Collected material:
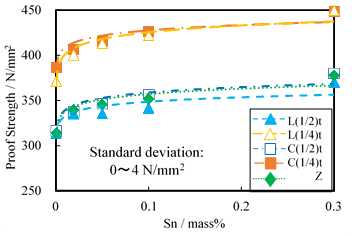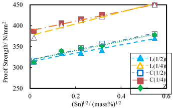 (1) Proof and tensile strength are increased with increasing Sn concentration in all directions, including the plate longitudinal, width, and thickness directions. These strengths have parabolic relationships with Sn concentration.
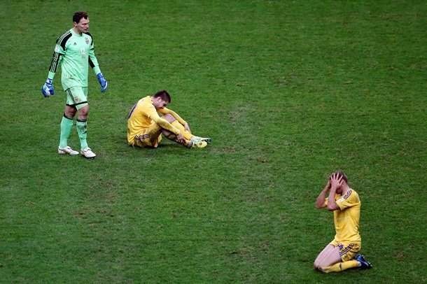 Як футболісти збірної України відреагували на фінальний свисток у розгромному для них матчі зафіксували фотокореспонденти.
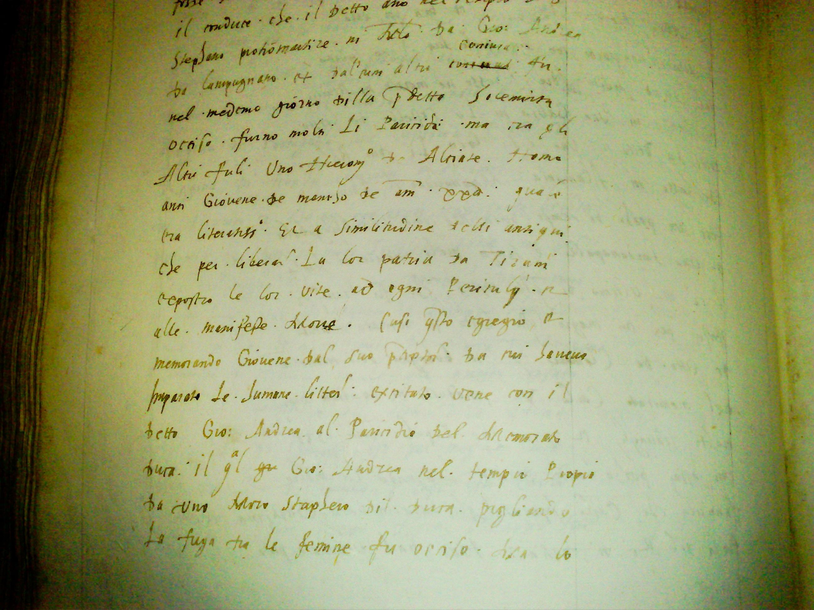 "...L'ano 1524. che mi in quarantena per la morte de Una mia sorella et de dui mei fioli morti di peste in la Sorella a Vicolongo terra della Biandrina ove io via sto dopo la fuga del Armiralio di Franza. Havendo lassato in ptro [pietro?] La gia detta peste. essendo a Orellie: no possendo venire..."

Exercise prompt: Would you return the whole listing above exactly as written, skipping any image?

Response to this task:
 (1) Proof and tensile strength are increased with increasing Sn concentration in all directions, including the plate longitudinal, width, and thickness directions. These strengths have parabolic relationships with Sn concentration.
 Як футболісти збірної України відреагували на фінальний свисток у розгромному для них матчі зафіксували фотокореспонденти.
 "...L'ano 1524. che mi in quarantena per la morte de Una mia sorella et de dui mei fioli morti di peste in la Sorella a Vicolongo terra della Biandrina ove io via sto dopo la fuga del Armiralio di Franza. Havendo lassato in ptro [pietro?] La gia detta peste. essendo a Orellie: no possendo venire..."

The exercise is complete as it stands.